Data provided>

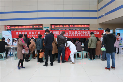 随着人们生活节奏加快,面临睡眠障碍的问题人群越来越突出,常常会有人抱怨自己睡眠质量差,失眠甚至有些人吃了安眠药还是睡不着的问题。为了普及睡眠障碍类疾病人群的认知,提高公众的健康睡眠认识,推动渭南市睡眠医学的发展,在陕西省神经病学分会睡眠障碍学组、陕西省医师协会睡眠专业学组、陕西省睡眠医学联盟的号召下,陕西省护理学会内科护理专业委员会、开云在线登录神经内科、心理科,联合渭南市精神卫生中心睡眠科于3月21日举办2019年世界睡眠日大型睡眠障碍疾病义诊暨公益讲座活动。
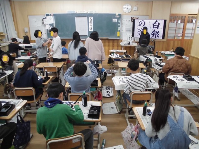 6年生は習字の授業です。精神を集中し、筆に心を込めている様子がとても伝わってきました。
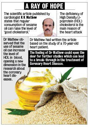 The scientific article -- prepared after 11 years of study -- published by cardiologist K K Mathew in the official publication of Cardiological Society of India’s Kerala Chapter, states that regular consumption of sesame oil can raise the level of ‘good cholesterol.’
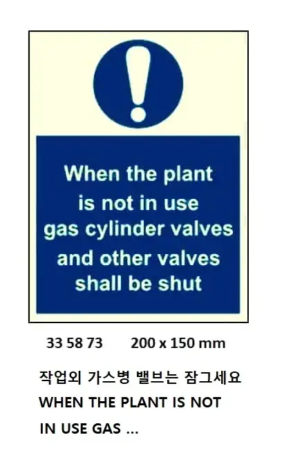 | Description | MANDATORY SIGN, 200x150 MM, WHEN THE PLANT IS NOT IN USE GAS … |
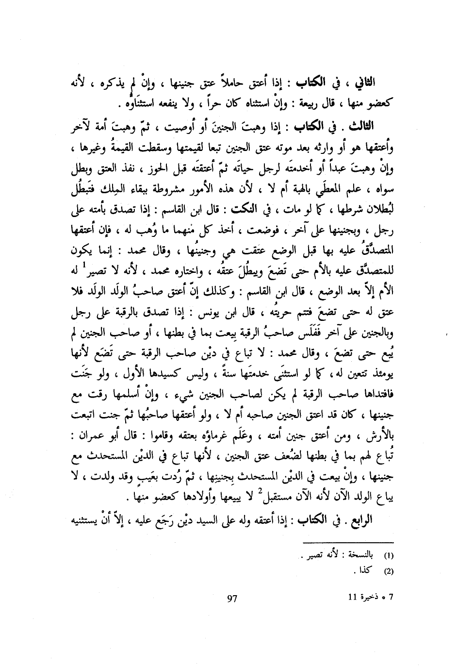 الثَّانِي فِي الْكِتَابِ إِذَا أَعْتَقَ حَامِلًا عُتِقَ جَنِينُهَا وَإِنْ لَمْ يَذْكُرْهُ لِأَنَّهُ كَعُضْوٍ مِنْهَا قَالَ رَبِيعَةُ وَإِنِ اسْتَثْنَاهُ كَانَ حُرًّا وَلَا يَنْفَعُهُ اسْتِثْنَاؤُهُ الثَّالِثُ فِي الْكِتَابِ إِذَا وَهَبْتَ الْجَنِين اَوْ أوصيت ثُمَّ وَهَبْتَ أُمَّهُ لِآخَرَ وَأَعْتَقَهَا هُوَ أَوْ وَارثه بعد مَوته عتق الْجَنِين تبعا لقيمتها وَسَقَطَتِ الْقِيمَةُ وَغَيْرُهَا وَإِنْ وَهَبْتَ عَبْدًا أَوْ أَخَدَمْتَهُ لِرَجُلٍ حَيَاتَهُ ثُمَّ أَعْتَقْتَهُ قَبْلَ الْحَوْزِ نَفَذَ الْعِتْقُ وَبَطَلَ سِوَاهُ عَلِمَ الْمُعْطِي بِالْهِبَةِ أَمْ لَا لِأَنَّ هَذِهِ الْأُمُورَ مَشْرُوطَةٌ بِبَقَاءِ الْمِلْكِ فَتَبْطُلُ لِبُطْلَانِ شَرْطِهَا كَمَا لَوْ مَاتَ فِي النُّكَتِ قَالَ ابْنُ الْقَاسِمِ إِذَا تَصَدَّقَ بِأَمَتِهِ عَلَى رَجُلٍ وَبِجَنِينِهَا عَلَى آخَرَ فَوَضَعَتْ أَخَذَ كُلٌّ مِنْهُمَا مَا وُهِبَ لَهُ فَإِنْ أَعْتَقَهَا الْمُتَصَدِّقُ عَلَيْهِ بِهَا قَبْلَ الْوَضْعِ عُتِقَتْ هِيَ وَجَنِينُهَا وَقَالَ مُحَمَّدٌ إِنَّمَا يَكُونُ لِلْمُتَصَدِّقِ عَلَيْهِ بِالْأُمِّ حَتَّى تَضَعَ وَيَبْطُلَ عِتْقُهُ وَاخْتَارَهُ مُحَمَّدٌ لِأَنَّهُ لَا تَصِيرُ لَهُ الْأُمُّ إِلَّا بَعْدَ الْوَضْعِ قَالَ ابْنُ الْقَاسِمِ وَكَذَلِكَ إِنْ أعتق صَاحب الْوَلَدَ فَلَا عِتْقَ لَهُ حَتَّى تَضَعَ فَتَتِمُّ حُرِّيَّتُهُ قَالَ ابْنُ يُونُسَ إِذَا تَصَدَّقَ بِالرَّقَبَةِ عَلَى رَجُلٍ وَبِالْجَنِينِ عَلَى آخَرَ فَفَلَّسَ صَاحِبُ الرَّقَبَةِ بِيعَتْ بِمَا فِي بَطْنِهَا أَوْ صَاحِبُ الْجَنِينِ لَمْ يُبَعْ حَتَّى تَضَعَ وَقَالَ مُحَمَّدٌ لَا تُبَاعُ فِي دَيْنِ صَاحِبِ الرَّقَبَةِ حَتَّى تَضَعَ لِأَنَّهَا يَوْمَئِذٍ تَتَعَيَّنُ لَهُ كَمَا لَوِ اسْتَثْنَى خِدْمَتَهَا سَنَةً وَلَيْسَ كَسَيِّدِهَا الْأَوَّلِ وَلَوْ جَنَّتْ فَافْتَدَاهَا صَاحِبُ الرَّقَبَةِ لَمْ يَكُنْ لِصَاحِبِ الْجَنِينِ شَيْءٌ وَإِنْ أَسْلَمَهَا رَقَّتْ مَعَ جَنِينِهَا كَانَ قَدْ أَعْتَقَ الْجَنِينُ صَاحِبَهُ أَمْ لَا وَلَوْ أَعْتَقَهَا صَاحِبُهَا ثُمَّ جَنَّتِ اتُّبِعَتْ بِالْأَرْشِ وَمَنْ أَعْتَقَ جَنَيْنَ أَمَتِهِ وَعَلِمَ غُرَمَاؤُهُ بِعِتْقِهِ وَقَامُوا قَالَ أَبُو عِمْرَانَ تُبَاعُ لَهُمْ بِمَا فِي بَطْنِهَا لِضَعْفِ عِتْقِ الْجَنِينِ لِأَنَّهَا تُبَاعُ فِي الدَّيْنِ الْمُسْتَحْدَثِ مَعَ جَنِينِهَا وَإِنْ بِيعَتْ فِي الدَّيْنِ الْمُسْتَحْدَثِ بِجَنِينِهَا ثُمَّ رُدَّتْ بِعَيْبٍ وَقَدْ وَلَدَتْ لَا يُبَاعُ الْوَلَدُ الْآنَ لِأَنَّهُ الْآن مُسْتَقْبل لَا يَبِيعهَا أَوْلَادهَا كَعُضْوٍ مِنْهَا الرَّابِعُ فِي الْكِتَابِ إِذَا أَعْتَقَهُ وَلَهُ عَلَى السَّيِّدِ دَيْنٌ رَجَعَ عَلَيْهِ إِلَّا أَن يستثنيه
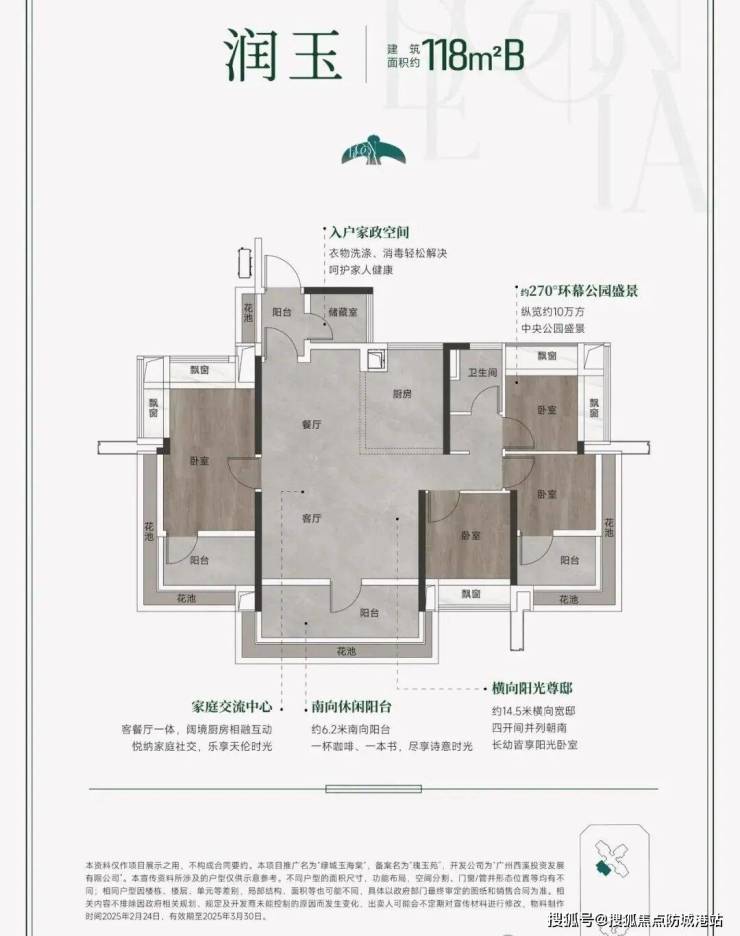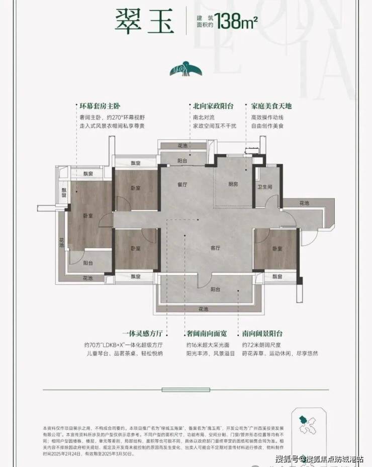 户型设计:绿城玉海棠以“户户南向、单边位布局”为原则,确保每户均享充足采光与通风。105㎡户型采用南北对流设计,搭配全屋飘窗与花池赠送,实际使用面积达120㎡;138㎡户型则以约70㎡的LDKB大方厅成为亮点,空间尺度堪比刚需小户型,满足家庭社交与娱乐需求。
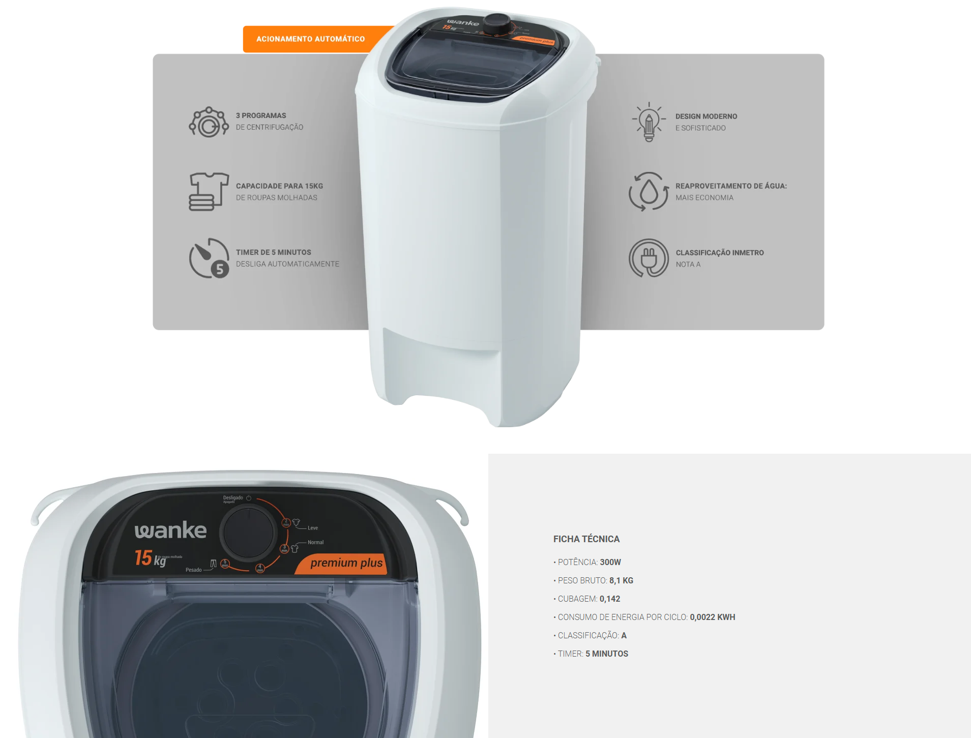 Centrifuga de Roupas Wanke Premium Plus 15Kg com Timer
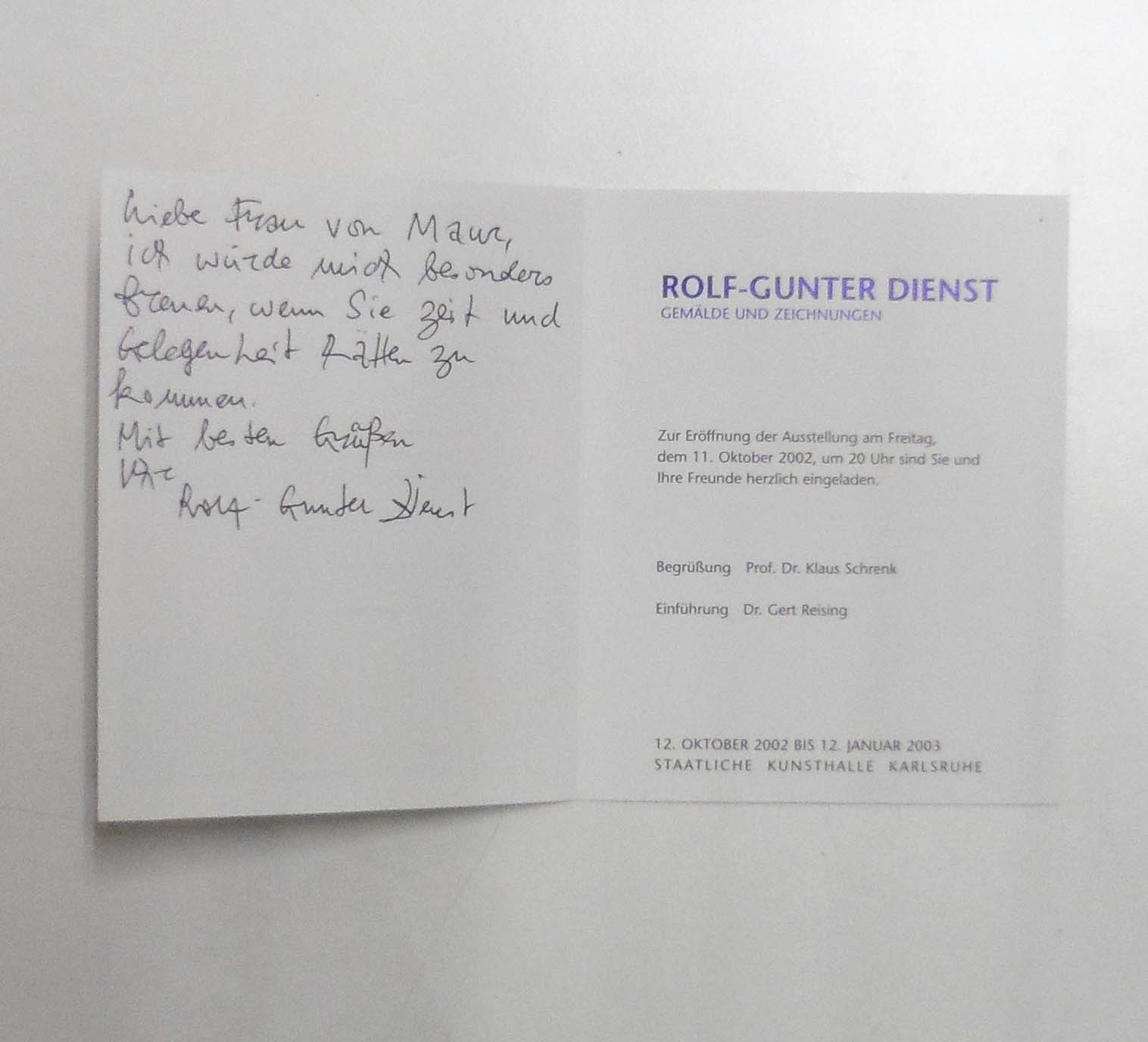 Dienst, Rolf-Gunter: GEMÄLDE UND ZEICHNUNGEN. KUNSTMUSEUM BAYREUTH, 5. FEBRUAR BIS 18. MÄRZ 2012; KUNSTMUSEUM GELSENKIRCHEN, 29. APRIL BIS 17. JUNI 2012. 1. Auflage. Kunstmuseum Bayreuth. 2012. 31 x 24 cm. 95 S. OPappband. Stauchung am oberen Rücken, sonst gutes Exemplar. Schriftenreihe des Kunstmuseums Bayreuth ; 28. Mit Texten von Klaus Schrenk und Martin Engler. Vorwort von Marina von Assel und Leane Schäfer. Durchgehend mit meist farbigen Abbildungen versehen. Beiliegend: Einladung und Flyer zur Ausstellung, davon die Einladungskarte mit einer handschriftlichen Widmung von Rolf-Gunter Dienst, signiert.
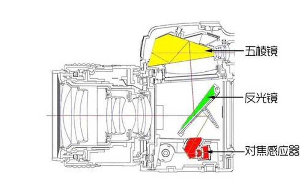 只不过单有这个对焦模块,还没法实现相位检测。单反还有一套复杂的分光光学系统,来配合相位检测模块实现自动对焦:
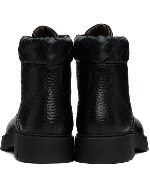 Ankle-high grained leather boots in black. · Lace-up closure · Logo embossed at tongue · Intrecciato-woven padded collar · Treaded rubber sole · Heel: H1.5 Supplier color: Black black
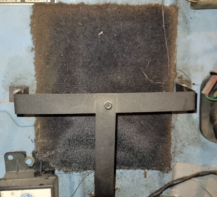 Il a mis un morceau de moquette pour éviter les vibrations du bidons... pas bête, sauf que l'ancien bidon avait une fuite donc il est imbibé d'huile... au moins la caisse ne rouiller pas à cet endroit.
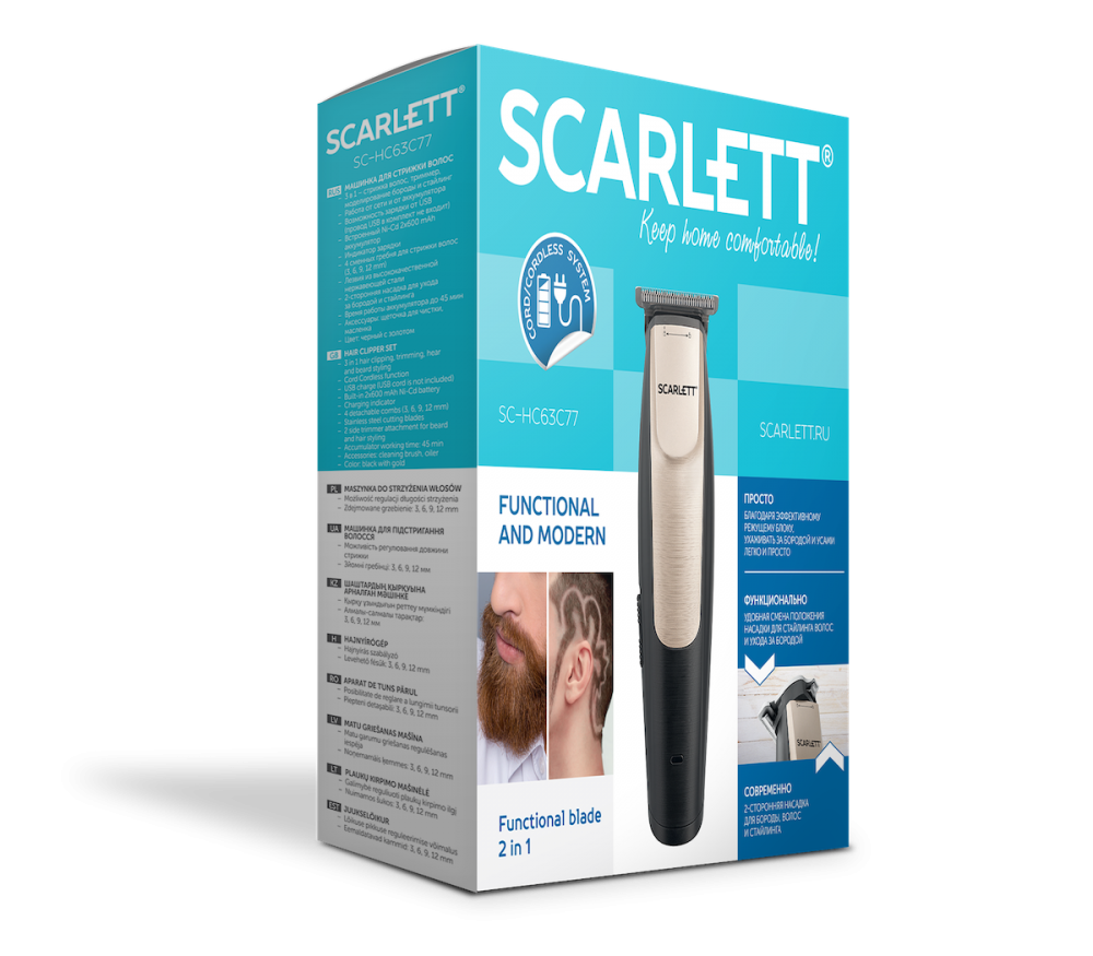 Стильная и многофункциональная машинка триммер для волос SC-HC63C77 это прибор 3 в 1 – стрижка волос, триммер, моделирование бороды и стайлинг.
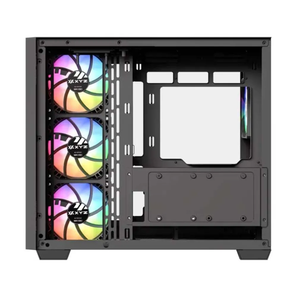 O XYZ Qubex simplifica o processo de construção com seu interior espaçoso e inteligentemente projetado. Seu formato grande oferece ampla folga para as placas gráficas carro-chefe mais recentes e coolers de ar de CPU altos, eliminando preocupações de compatibilidade. O sistema de gerenciamento de cabos dedicado, com canais de roteamento estrategicamente posicionados, pontos de amarração e uma quantidade generosa de espaço atrás da bandeja da placa-mãe, torna a obtenção de uma construção limpa e com aparência profissional fácil. Os painéis laterais sem ferramentas e as gaiolas de unidade modulares aprimoram ainda mais a experiência amigável, permitindo acesso rápido e modificações fáceis de hardware.

To do> Your task is to restate word for word the lines from the top of the data to the line containing "6年生は習字の授業です。精神", both ends included, with every picture left out.

Result below>
 随着人们生活节奏加快,面临睡眠障碍的问题人群越来越突出,常常会有人抱怨自己睡眠质量差,失眠甚至有些人吃了安眠药还是睡不着的问题。为了普及睡眠障碍类疾病人群的认知,提高公众的健康睡眠认识,推动渭南市睡眠医学的发展,在陕西省神经病学分会睡眠障碍学组、陕西省医师协会睡眠专业学组、陕西省睡眠医学联盟的号召下,陕西省护理学会内科护理专业委员会、开云在线登录神经内科、心理科,联合渭南市精神卫生中心睡眠科于3月21日举办2019年世界睡眠日大型睡眠障碍疾病义诊暨公益讲座活动。
 6年生は習字の授業です。精神を集中し、筆に心を込めている様子がとても伝わってきました。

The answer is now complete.